### The records
######
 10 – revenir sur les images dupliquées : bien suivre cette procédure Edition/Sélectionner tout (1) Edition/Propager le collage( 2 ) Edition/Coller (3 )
######
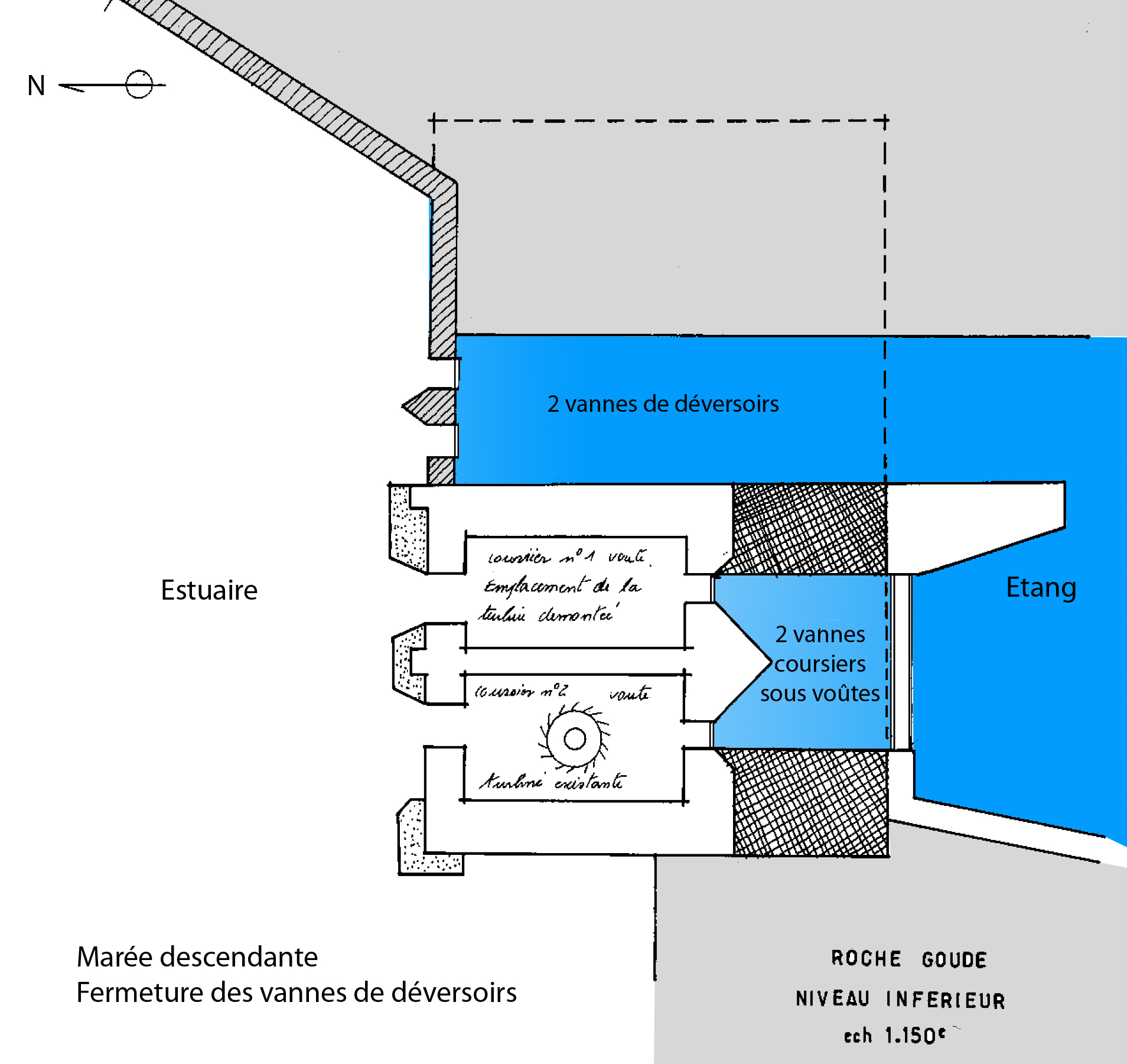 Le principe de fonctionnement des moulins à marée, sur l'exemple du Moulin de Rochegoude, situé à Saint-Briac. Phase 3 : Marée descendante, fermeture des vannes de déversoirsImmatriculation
######
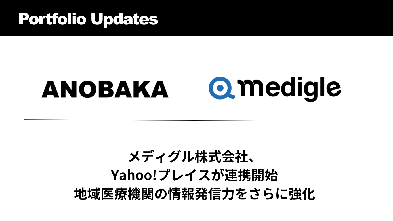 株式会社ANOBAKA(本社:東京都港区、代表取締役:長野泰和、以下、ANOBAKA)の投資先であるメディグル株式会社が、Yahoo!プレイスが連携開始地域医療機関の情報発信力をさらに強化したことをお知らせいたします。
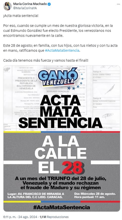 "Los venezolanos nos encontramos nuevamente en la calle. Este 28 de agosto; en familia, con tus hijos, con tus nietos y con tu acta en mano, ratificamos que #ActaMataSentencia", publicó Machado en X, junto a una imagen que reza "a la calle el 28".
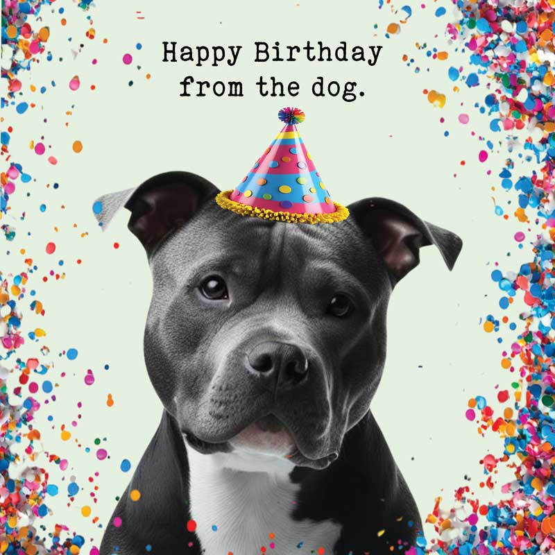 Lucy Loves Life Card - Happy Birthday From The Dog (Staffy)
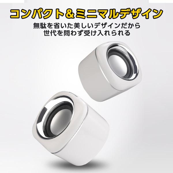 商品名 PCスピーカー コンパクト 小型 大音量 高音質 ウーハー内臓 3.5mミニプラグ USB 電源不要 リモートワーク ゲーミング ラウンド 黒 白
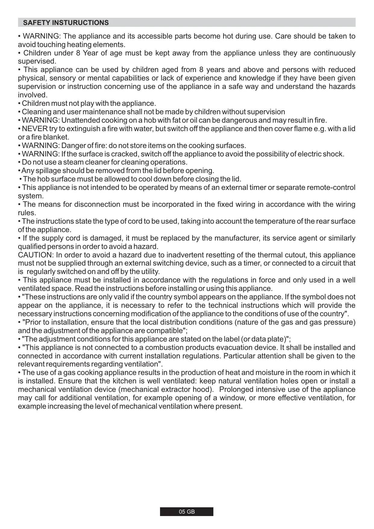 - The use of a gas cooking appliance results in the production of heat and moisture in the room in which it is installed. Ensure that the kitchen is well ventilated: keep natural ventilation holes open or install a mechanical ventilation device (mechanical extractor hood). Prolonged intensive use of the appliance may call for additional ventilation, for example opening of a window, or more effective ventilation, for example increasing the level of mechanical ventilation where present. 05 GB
######
### Your goal
Write down exactly what the lines above say, from the line holding "株式会社ANOBAKA(本社" through the line holding "商品名 PCスピーカー コンパクト", and nothing more. Do not copy the pictures.

### Problem solution
 株式会社ANOBAKA(本社:東京都港区、代表取締役:長野泰和、以下、ANOBAKA)の投資先であるメディグル株式会社が、Yahoo!プレイスが連携開始地域医療機関の情報発信力をさらに強化したことをお知らせいたします。
 "Los venezolanos nos encontramos nuevamente en la calle. Este 28 de agosto; en familia, con tus hijos, con tus nietos y con tu acta en mano, ratificamos que #ActaMataSentencia", publicó Machado en X, junto a una imagen que reza "a la calle el 28".
 Lucy Loves Life Card - Happy Birthday From The Dog (Staffy)
 商品名 PCスピーカー コンパクト 小型 大音量 高音質 ウーハー内臓 3.5mミニプラグ USB 電源不要 リモートワーク ゲーミング ラウンド 黒 白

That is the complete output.